Phillips 66 said its Freeport LPG Export Terminal in Freeport, TX, is now fully operational. The company loaded its first contracted cargo on the Commander, a very large gas carrier that departed the terminal Friday.

“The startup of the Freeport LPG Export Terminal is the culmination of a four-year effort to develop a new U.S. Gulf Coast natural gas liquids (NGL) market hub that also includes Phillips 66 Partners’ 100,000 b/d Sweeny fractionator and 7.5 million bbl Clemens storage facility,” said CEO Greg Garland. “The new liquefied petroleum gas (LPG) export terminal gives customers the ability to place multi-grade LPG products directly into global markets through Port Freeport, which provides immediate blue water access with minimal congestion.”
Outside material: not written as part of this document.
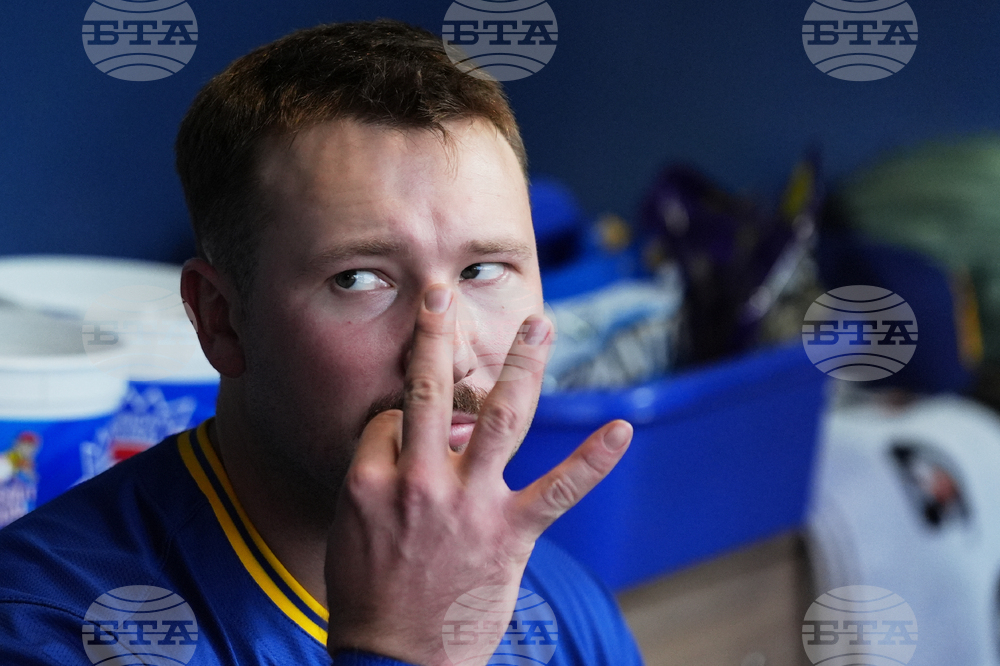 Seattle Mariners designated hitter Cal Raleigh sits in the dugout before a baseball game against the Colorado Rockies, Thursday, Sept. 25, 2025, in Seattle. (AP Photo/Ryan Sun)
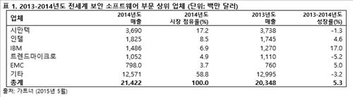 1일 시장조사기관 가트너에 따르면 지난해 전 세계 보안 소프트웨어 매출은 2013년 203억달러보다 5.3% 증가한 214억달러(약 23조원)를 기록했다.

The terminal can simultaneously load two ships with refrigerated propane and butane at a combined rate of 36,000 bbl per hour. Supply is sourced from the Phillips 66 Partners’ Sweeny fractionator and Clemens storage facility, which is connected by pipeline to the Mont Belvieu Hub.

The export facility was developed to satisfy the growing international demand for affordable U.S. NGLs, Phillips said. Expecting U.S. production to continue to grow, Phillips said it is evaluating additional NGL fractionation and infrastructure alternatives along the U.S. Gulf Coast.

Separately last July, Enterprise Products Partners LP executives said during a second quarter conference call that the company had seen the cancellation of three LPG loadings at its Gulf Coast terminal. No details on the would-be destinations of the cancelled cargos were given at the time.

At one time, the United States was a net propane importer, but some time ago it became a net exporter.

“The initial growth in U.S. propane production, between 2008 and 2010, led to a reduction in dependence on propane imports, with net imports falling from an average of 109,000 b/d in 2008 to a near-balance of 16,000 b/d in net exports in 2010,” the U.S. Energy Information Administration (EIA) said in a note published in November 2015. “By 2011, only Canada remained as a major supplier of propane into the United States, with imports from other countries relegated to deliveries to Hawaii and occasional shipments into the Northeast.”

According to EIA, propane prices in the global market are typically set by the Saudi Aramco monthly contract price, which is generally based on the price of naphtha, a petrochemical feedstock that competes with propane.